— TASK TO CARRY OUT —
Could you restate word for word only the lines below from the one holding "Ельня превратилась в" to the one holding "第三个从清泉镇传送点过去,地势不高,在图片的位置就可以找到。", inclusive, and leave out the pictures?

— DATA —
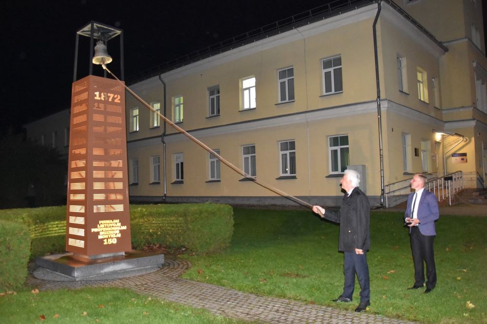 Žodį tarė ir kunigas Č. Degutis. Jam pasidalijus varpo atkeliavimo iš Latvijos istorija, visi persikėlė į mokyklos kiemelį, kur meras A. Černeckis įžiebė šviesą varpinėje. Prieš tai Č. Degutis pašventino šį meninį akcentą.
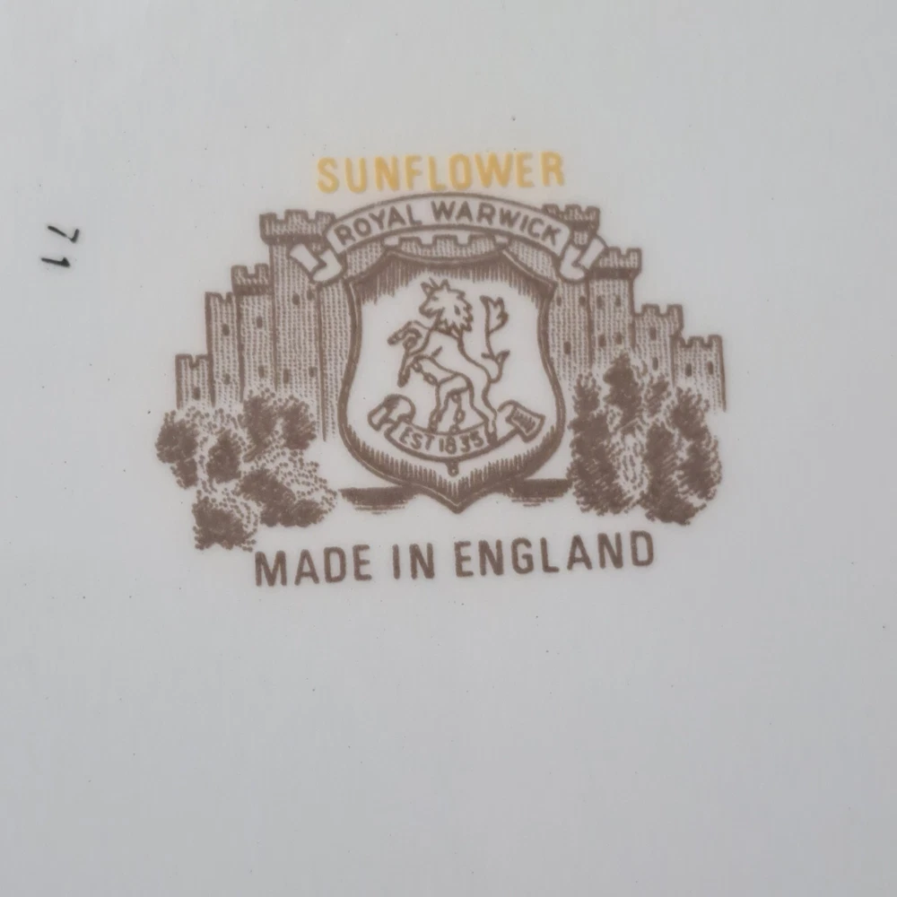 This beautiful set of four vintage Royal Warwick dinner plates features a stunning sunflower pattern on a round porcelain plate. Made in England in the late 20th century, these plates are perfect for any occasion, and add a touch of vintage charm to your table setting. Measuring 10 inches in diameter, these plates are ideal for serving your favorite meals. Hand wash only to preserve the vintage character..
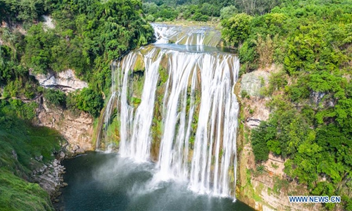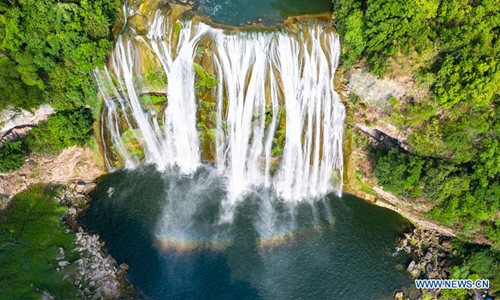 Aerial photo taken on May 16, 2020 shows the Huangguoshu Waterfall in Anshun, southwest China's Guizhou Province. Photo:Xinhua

* * *

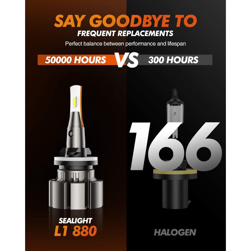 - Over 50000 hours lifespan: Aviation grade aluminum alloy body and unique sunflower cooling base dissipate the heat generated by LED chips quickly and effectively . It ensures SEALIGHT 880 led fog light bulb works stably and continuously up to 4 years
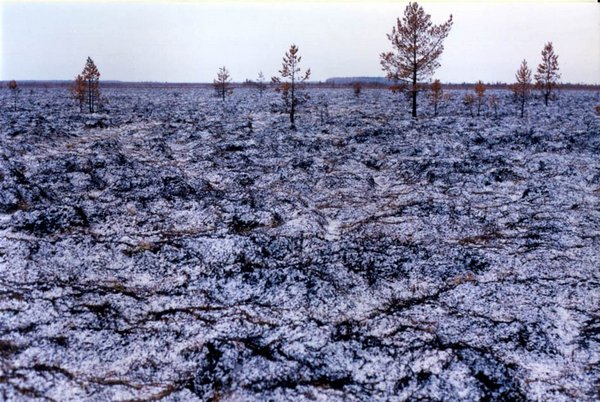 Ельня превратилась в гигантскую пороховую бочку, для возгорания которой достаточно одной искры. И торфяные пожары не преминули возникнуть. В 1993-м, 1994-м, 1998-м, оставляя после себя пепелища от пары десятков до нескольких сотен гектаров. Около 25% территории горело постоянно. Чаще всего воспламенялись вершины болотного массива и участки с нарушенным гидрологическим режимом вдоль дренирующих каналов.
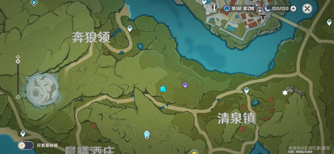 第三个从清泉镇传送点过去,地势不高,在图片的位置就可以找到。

— THE COMPLETED TASK —
 Ельня превратилась в гигантскую пороховую бочку, для возгорания которой достаточно одной искры. И торфяные пожары не преминули возникнуть. В 1993-м, 1994-м, 1998-м, оставляя после себя пепелища от пары десятков до нескольких сотен гектаров. Около 25% территории горело постоянно. Чаще всего воспламенялись вершины болотного массива и участки с нарушенным гидрологическим режимом вдоль дренирующих каналов.
 第三个从清泉镇传送点过去,地势不高,在图片的位置就可以找到。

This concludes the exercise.